Цинциннатовская точка венчает карандаш, который, как пружина, сжимается до последнего предела — смерти, чтобы потом с чудовищной скоростью распрямиться новым рождением. Белый утверждает: «„Я — есмь“ после смерти моей оказалось в том именно месте, где „-есмь“ ощущало себя до рождения; непосредственно до вхождения в детское тело „я“ было здесь именно!..» [62] Андрей Белый. Котик Летаев. Крещеный китаец. Записки чудака. М., 1997, с. 416.
. Смерть есть предельный образ расставания с самим собой, и, расставаясь с самим собой старым, герой рождается заново.
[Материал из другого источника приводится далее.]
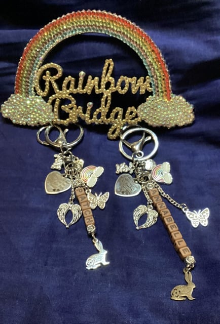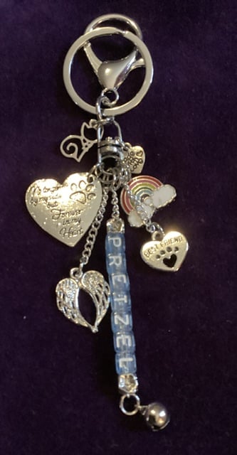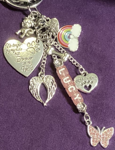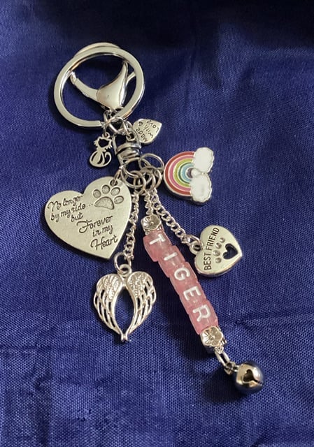The keyring is made from either brown, Blue or Pink square alphabet beads, a tiny silver bell, a silver bone or a butterfly, a pair of filigree angel wings, a silver Best Friend heart paw Charm or similar a rainbow charm, and a sentiment charm, please chose from the 3 below:-
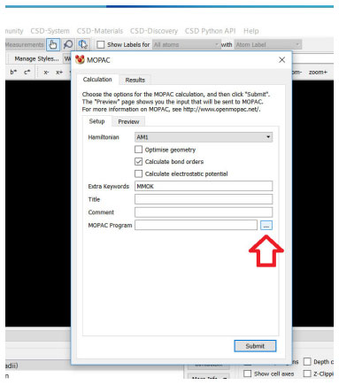 ![]() Figura 4. Iniciar o MOPAC pela interface do Mercury
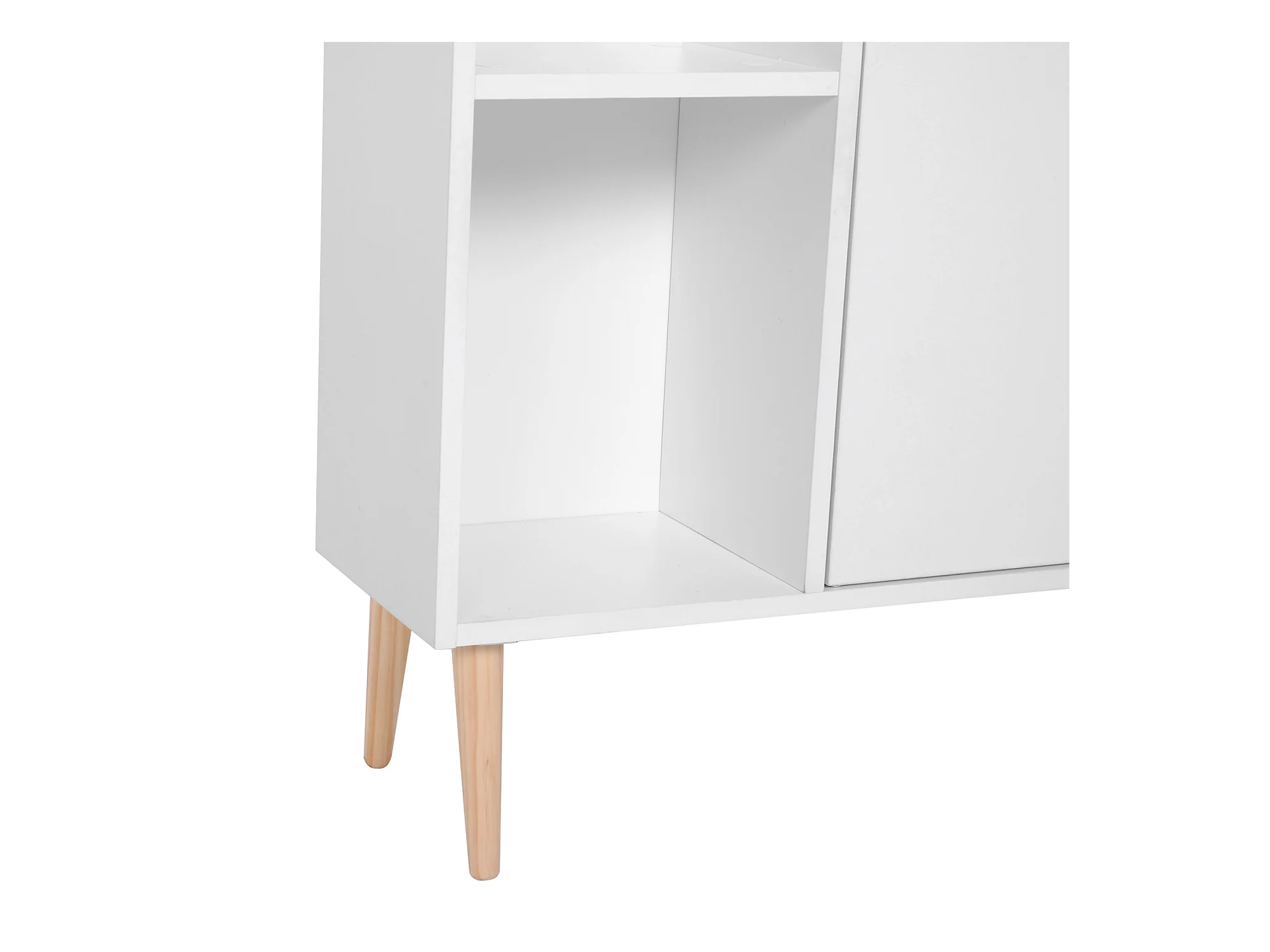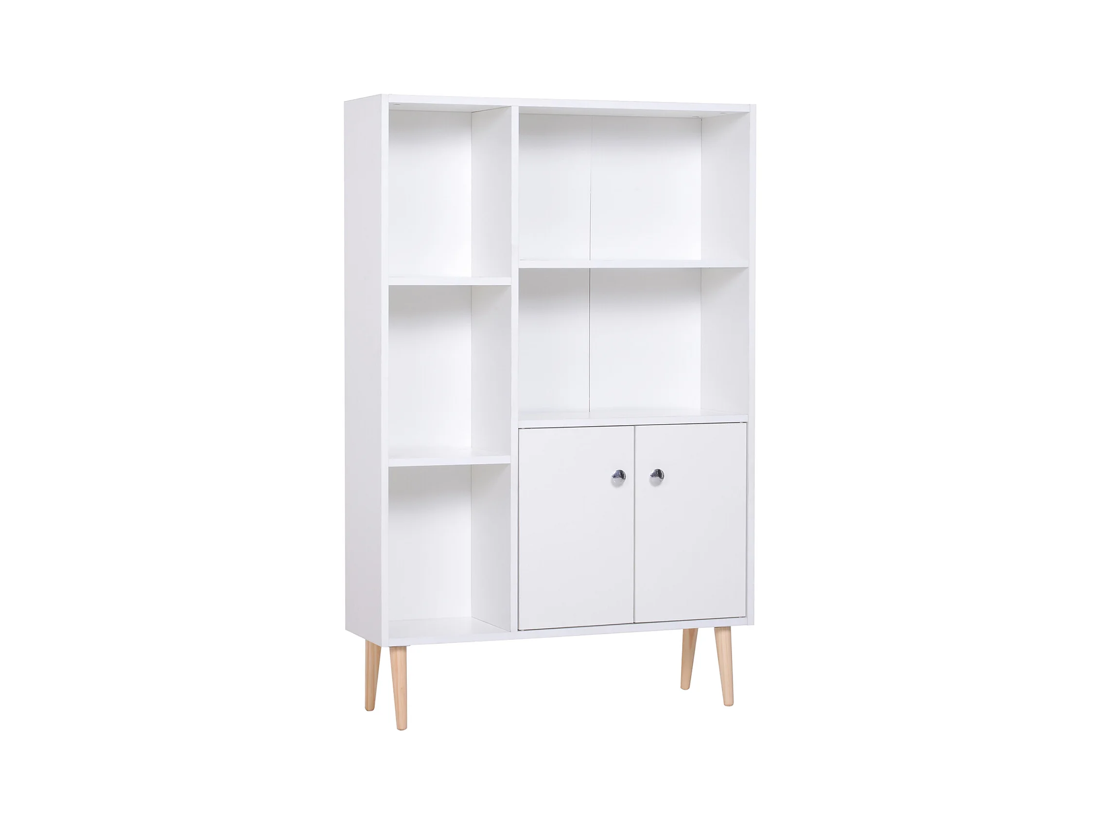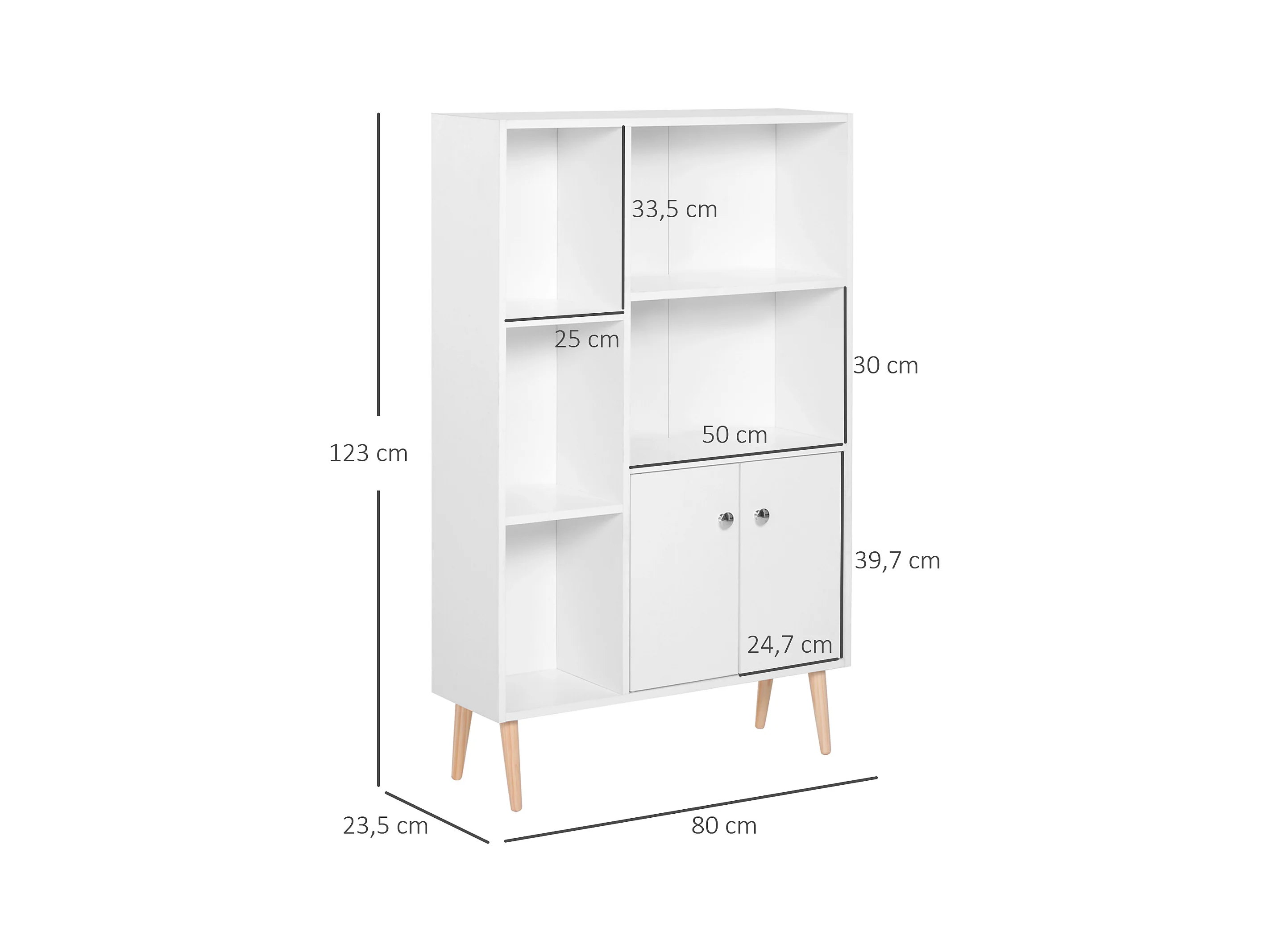 Bibliothèque scandinave dim. 80L x 23,5l x 123H cm 5 niches placard 2 portes pieds effilés inclinés bois massif panneaux particules blanc
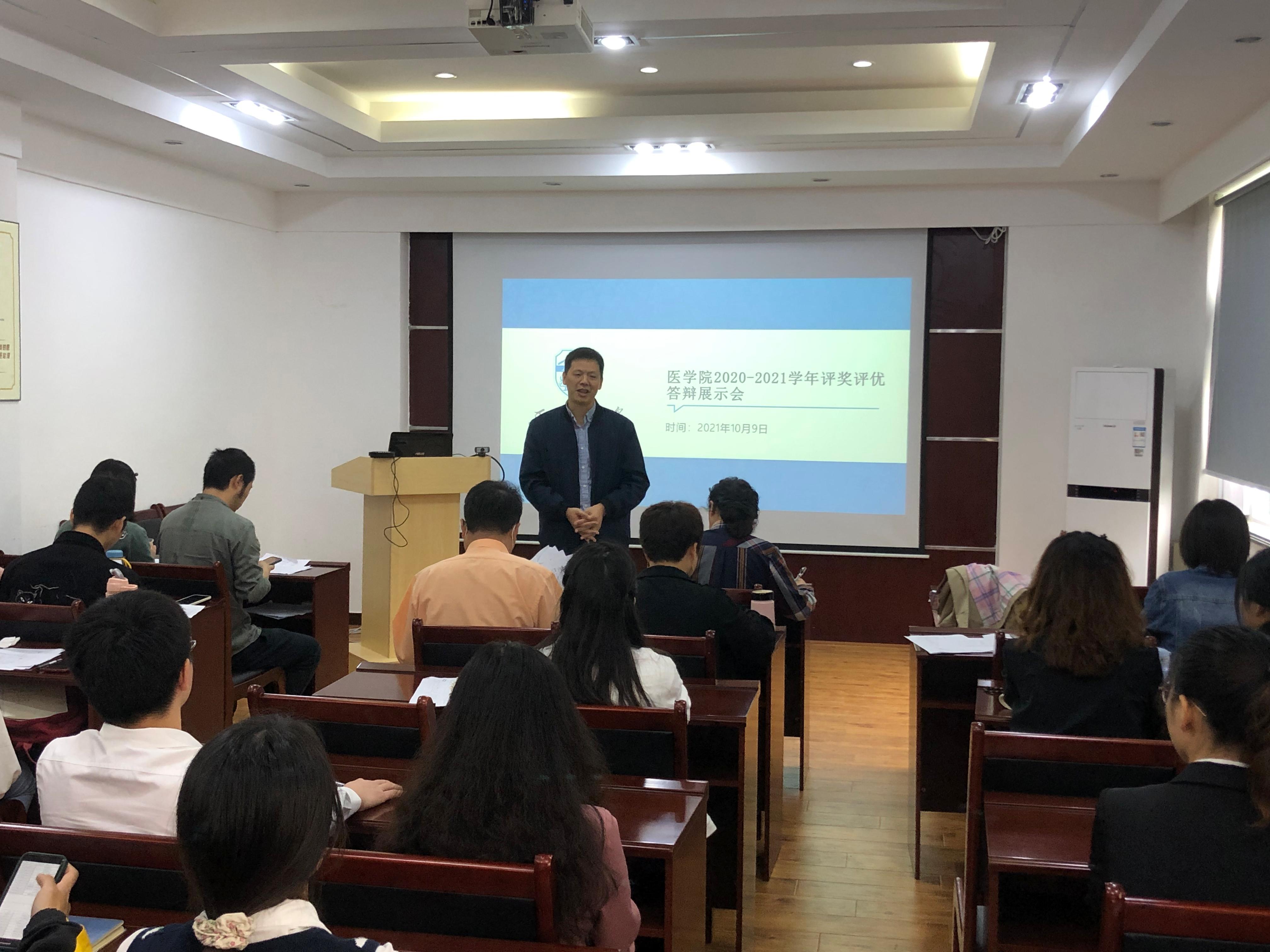 以线上线下相结合的形式召开了2021-2022学年评奖评优答辩展示会,线上会议通过腾讯会议平台召开,线下会议在制服诱惑
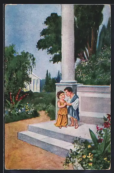 Künstler-AK Ad. Hoffmann: Zwei Kinder in griechischer Kleidung in einem Garten

Лев Шестов уверял, что Достоевскому на эшафоте явился ангел смерти, который весь покрыт глазами. Если ангел является за душой слишком рано, он оставляет человеку еще два глаза из бесчисленных собственных глаз. И тогда человек внезапно начинает видеть сверх того, что видят все и что он сам видел своими старыми глазами. Цинциннат — такое же существо двойного зрения.
Тот же атом вечности, средоточие жизненного целого, Цинциннат в конце концов находит в матери: «Он вдруг заметил выражение глаз Цецилии Ц., — мгновенное, о, мгновенное, — но было так, словно проступило нечто, настоящее, несомненное (в этом мире, где все было под сомнением), словно завернулся краешек этой ужасной жизни и сверкнула на миг подкладка. Во взгляде матери Цинциннат внезапно уловил ту последнюю, верную, все объясняющую и ото всего охраняющую точку, которую он и в себе умел нащупать» (4,129). Взгляд, невидимой нитью соединяющий его с Цецилией Ц., — символ материнского лона, проецируемый и распространяемый на мир, который со всех сторон объемлет, хранит и спасает Цинцинната. Остановимся на посещении матери подробно. Ее приход в крепость отвернувшийся сын расценивает сначала как ловкий обман:
«— Нет, вы все-таки только пародия, — прошептал Цинциннат. (…)
— А вы не шутите, — сказала Цецилия Ц., — бывают, знаете, удивительные уловки. Вот, я помню: когда была ребенком, в моде были, — ах, не только у ребят, но и у взрослых, — такие штуки, назывались „нетки“, — и к ним полагалось, значит, особое зеркало, мало что кривое — абсолютно искаженное, ничего нельзя понять, провалы, путаница, все скользит в глазах (…). Одним словом, у вас было такое вот дикое зеркало и целая коллекция разных неток, то есть абсолютно нелепых предметов: всякие такие бесформенные, пестрые, в дырках, в пятнах, рябые, шишковатые штуки, вроде ископаемых, — но зеркало, которое обыкновенные предметы абсолютно искажало, теперь, значит, получало настоящую пищу, то есть, когда вы такой непонятный и уродливый предмет ставили так, что он отражался в непонятном и уродливом зеркале, получалось замечательно; нет на нет давало да, все восстанавливалось, все было хорошо, — и вот из бесформенной пестряди получался в зеркале чудный стройный образ: цветы, корабль, фигура, какой-нибудь пейзаж. Можно было — на заказ — даже собственный портрет, то есть вам давали какую-то кошмарную кашу, а это и были вы, но ключ от вас был у зеркала. Ах, я помню, как было весело и немного жутко — вдруг ничего не получится! — брать в руку вот такую новую непонятную нетку и приближать к зеркалу, и видеть в нем, как твоя рука совершенно разлагается, но зато как бессмысленная нетка складывается в прелестную картину, ясную, ясную…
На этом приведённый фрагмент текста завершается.